I'm a scala newbie, using pyspark extensively (on DataBricks, FWIW). I'm finding that Protobuf deserialization is too slow for me in python, so I'm porting my deserialization udf to scala.
I've compiled my .proto
files to scala and then a JAR using scalapb
as described here
When I try to use these instructions to create a UDF like this:
import gnmi.gnmi._
import org.apache.spark.sql.{Dataset, DataFrame, functions => F}
import spark.implicits.StringToColumn
import scalapb.spark.ProtoSQL
// import scalapb.spark.ProtoSQL.implicits._
import scalapb.spark.Implicits._
val deserialize_proto_udf = ProtoSQL.udf { bytes: Array[Byte] => SubscribeResponse.parseFrom(bytes) }
I get the following error:
command-4409173194576223:9: error: could not find implicit value for evidence parameter of type frameless.TypedEncoder[Array[Byte]]
val deserialize_proto_udf = ProtoSQL.udf { bytes: Array[Byte] => SubscribeResponse.parseFrom(bytes) }
I've double checked that I'm importing the correct implicits, to no avail. I'm pretty fuzzy on implicits, evidence parameters and scala in general.
I would really appreciate it if someone would point me in the right direction. I don't even know how to start diagnosing!!!
Update
It seems like frameless
doesn't include an implicit encoder for Array[Byte]
???
This works:
frameless.TypedEncoder[Byte]
this does not:
frameless.TypedEncoder[Array[Byte]]
The code for frameless.TypedEncoder
seems to include a generic Array
encoder, but I'm not sure I'm reading it correctly.
@Dymtro, Thanks for the suggestion. That helped.
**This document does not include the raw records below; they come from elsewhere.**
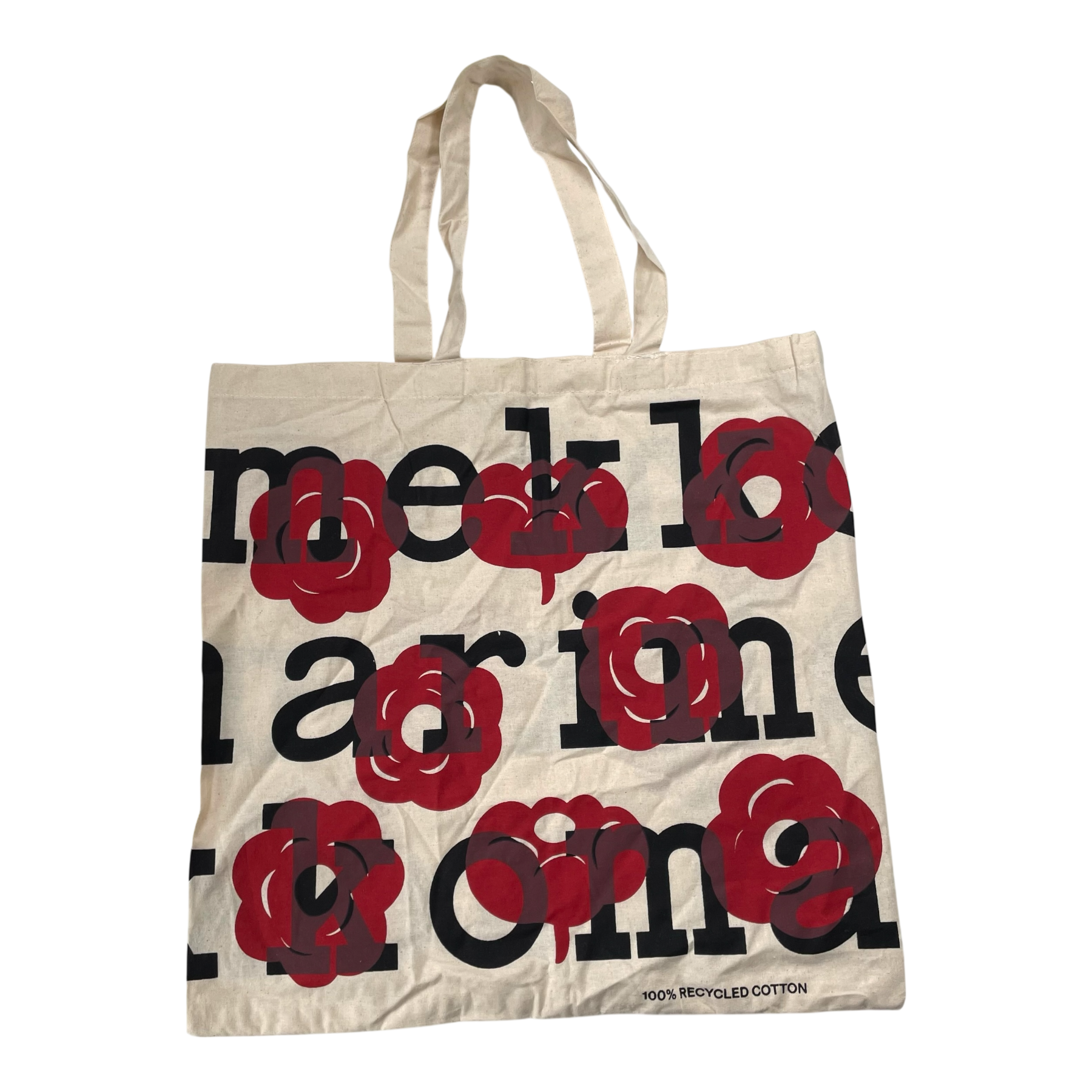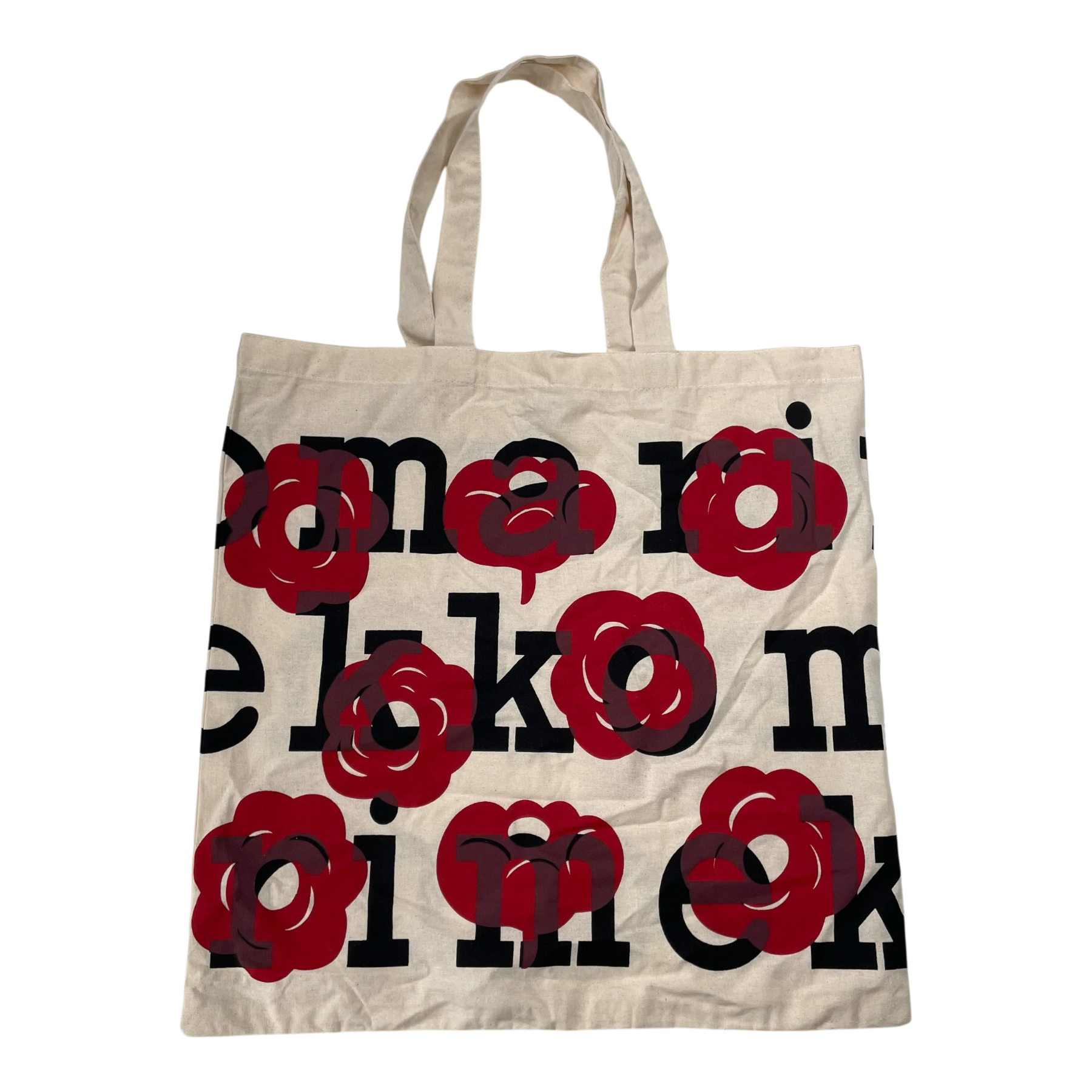 Marimekko tote shopping bag is made of lightweight cotton fabric, which features a logo pattern. The bag has two handles.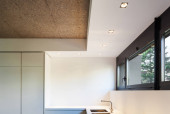 Wnętrze nowoczesnego mieszkania, po lewej stronie kuchnia, a po prawej stół jadalny.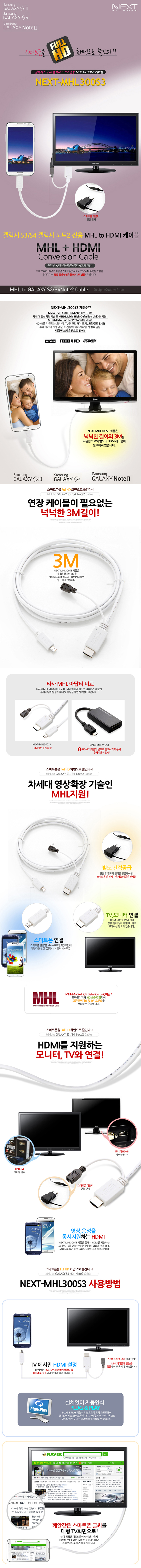 [SL] ³Ø½ºÆ® MHL to HDMI Cable - °¶·°½ÃS3/S4/³ëÆ®2 Àü¿ë(NEXT-MHL300S3, ÈÞ´ëÆù ¿µ»ó ¡æ HD TV, 3¹ÌÅÍ, Full HD 1080P)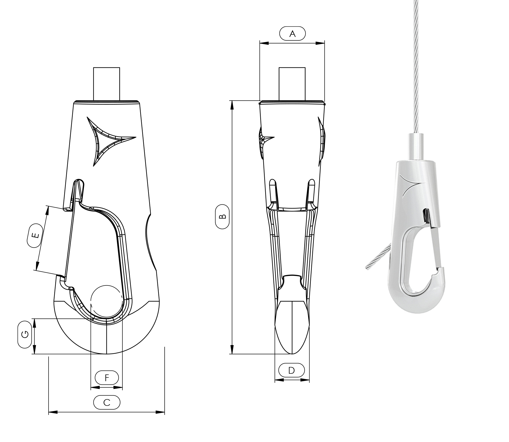 Designhaken WROP Typ 18 ZW mit Aushängesicherung, seitlicher Seilausgang, silber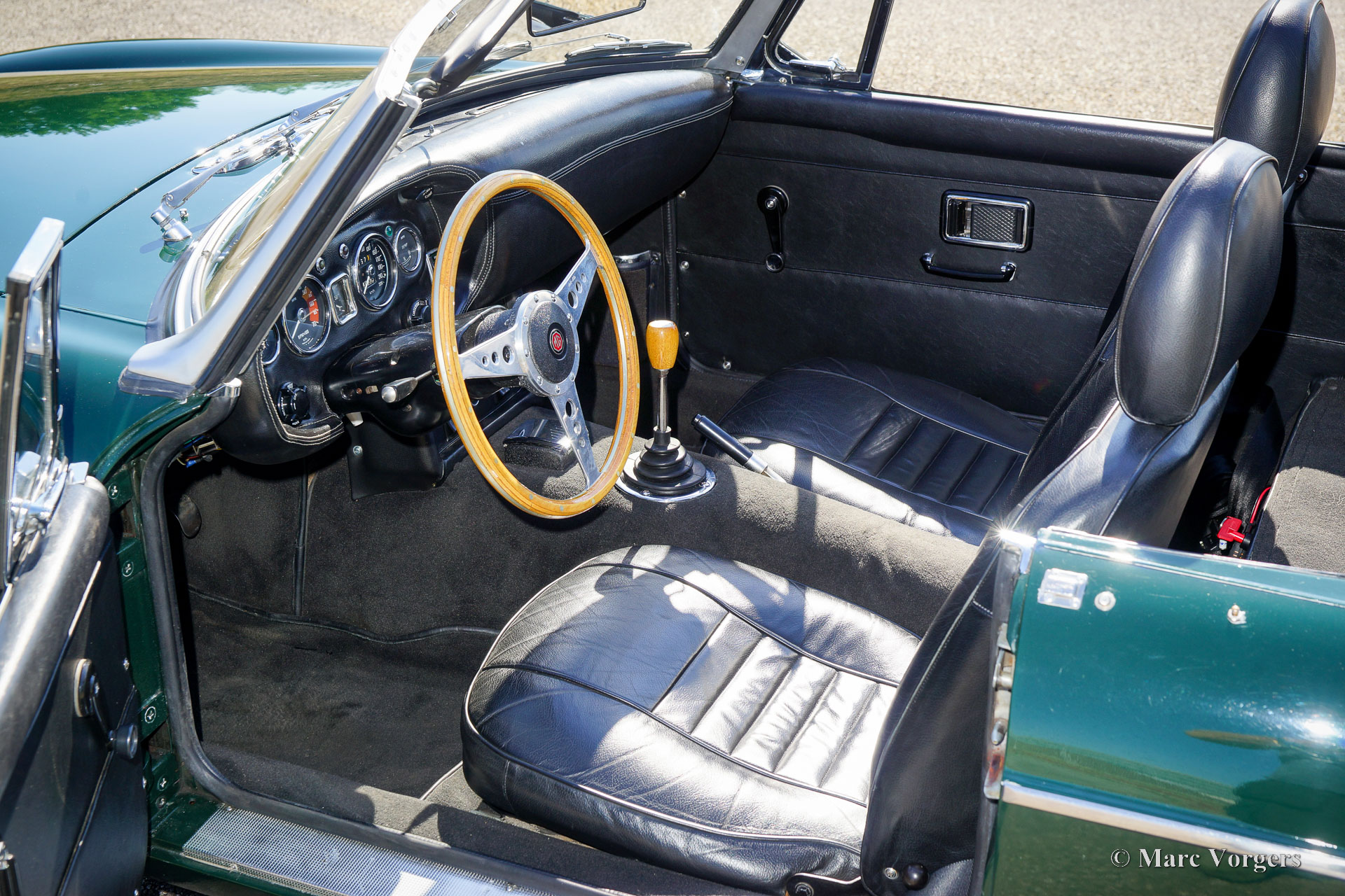 MG MGC Roadster, Jahr 1969. Farbe British Racing Green kombiniert mit einem schwarzen Interieur. Schwarze Ledersitze mit Kopfstützen und schwarzem Teppich. Beiges „pack away“ Softtop (wird im Kofferraum verstaut). Dieser fantastische MGC Roadster ist in einem sehr guten Zustand und das Auto fährt wunderbar. Das Auto wurde sehr gut gewartet und gepflegt; der letzte Besitzer hegte den Wagen seit 2018. Der MGC ist das Sechszylinder-Schwesterauto des MGB, der Motor leistet satte 145 SAE-PS. Das Fahrgefühl ist eine Mischung aus dem „Big Healey“ und dem kompakten MGB, und der Auspuffsound ist wunderbar! Äußerlich sieht der MGC auf den ersten Blick genauso aus wie der MGB, Kenner erkennen ihn an der speziellen Motorhaube, die mit „Power-Wulsten“ versehen ist, um den großen Motor und seine Doppelvergaser aufzunehmen. Dieser feine MGC ist ausgestattet mit OVERDRIVE, verchromten Speichenrädern, einem MotoLita-Lenkrad mit Holzkranz, einem Edelstahlauspuff und Servobremsen mit Doppelservos. Der MGC Roadster ist ein fantastisches Oldtimer Reisecabrio!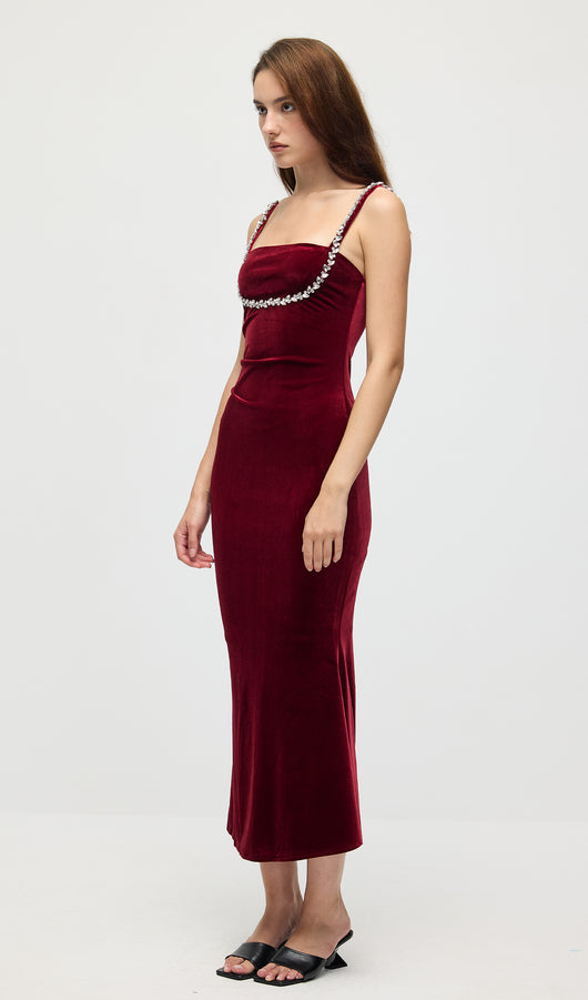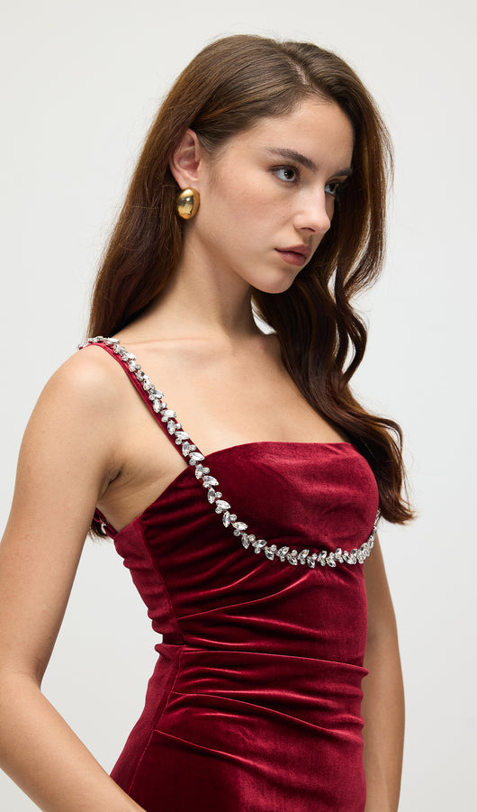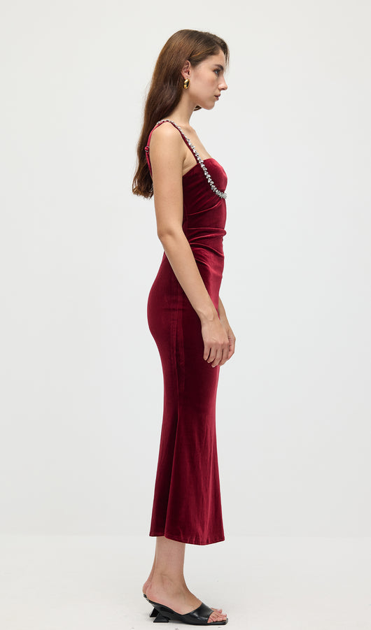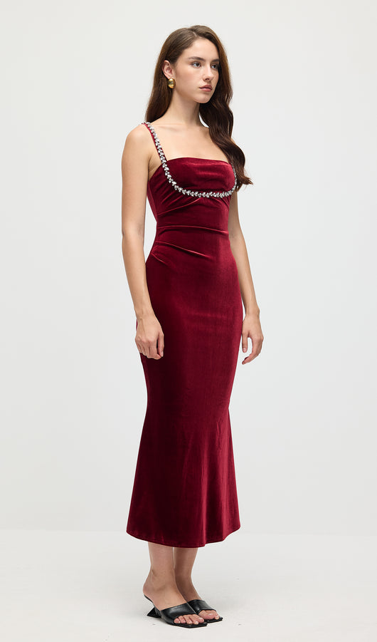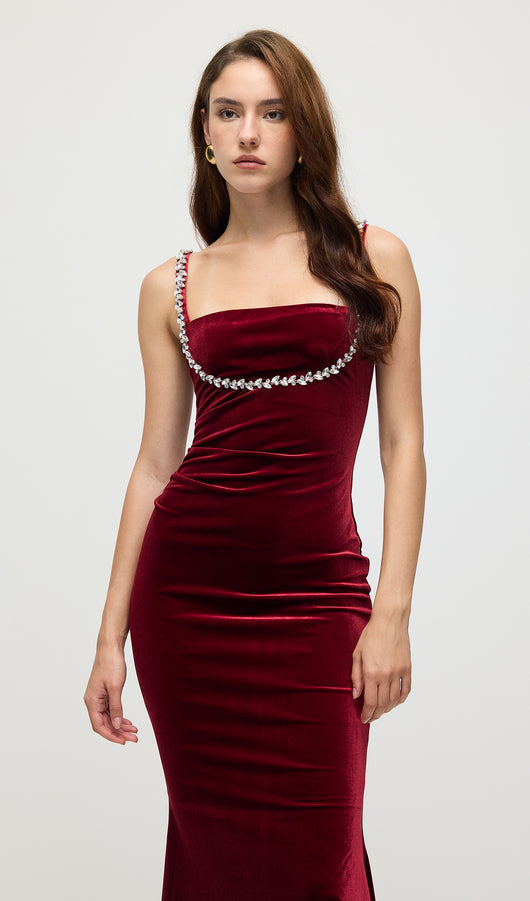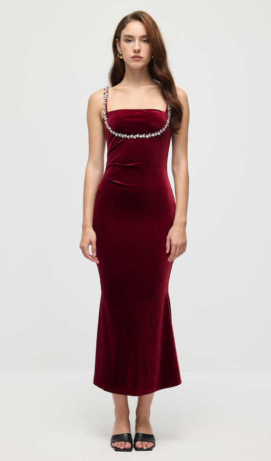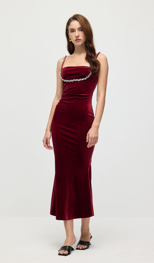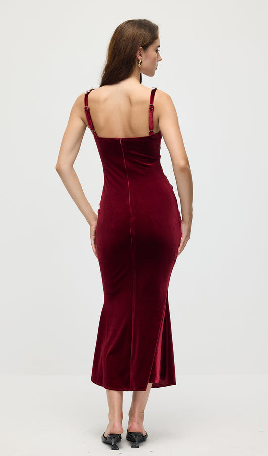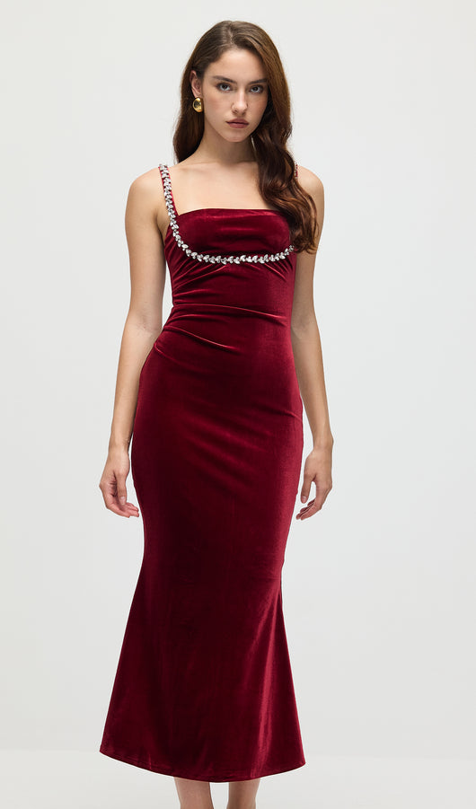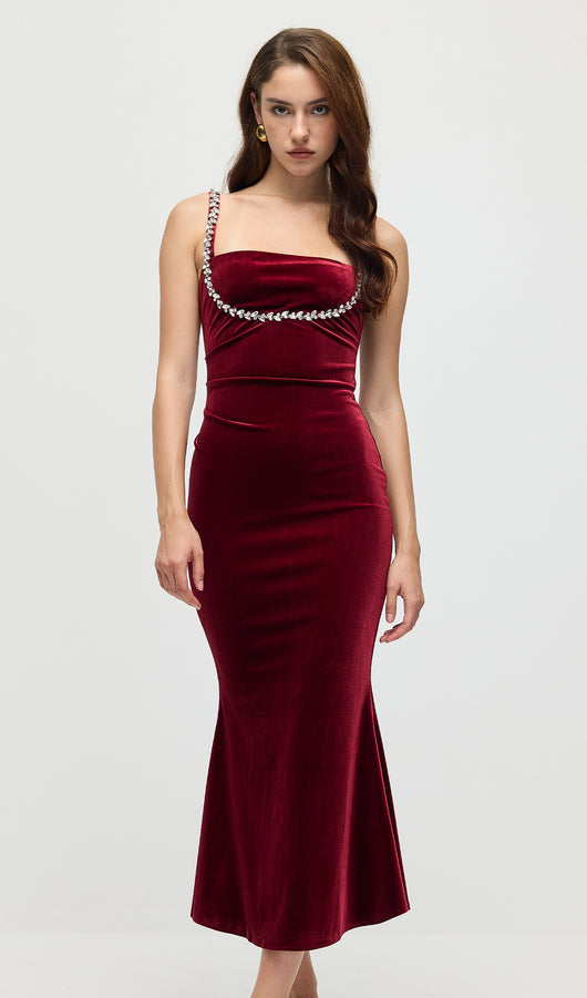 Elevate your evening wardrobe with this sophisticated sleeveless velvet midi dress. The luxurious velvet fabric drapes beautifully, creating an elegant silhouette that transitions seamlessly from cocktail events to formal gatherings. Intricate embellishments add refined detail and visual interest, while the midi length offers timeless versatility. The sleeveless design showcases the shoulders and pairs effortlessly with statement jewelry or a structured blazer. Perfect for those seeking understated luxury with a touch of glamour.

Does anyone have ideas about what is going on here?
Update
Ok, progress - this looks like a DataBricks issue. I think that the notebook does something like the following on startup:
import spark.implicits._
I'm using scalapb
, which requires that you don't do that
I'm hunting for a way to disable that automatic import now, or "unimport" or "shadow" those modules after they get imported.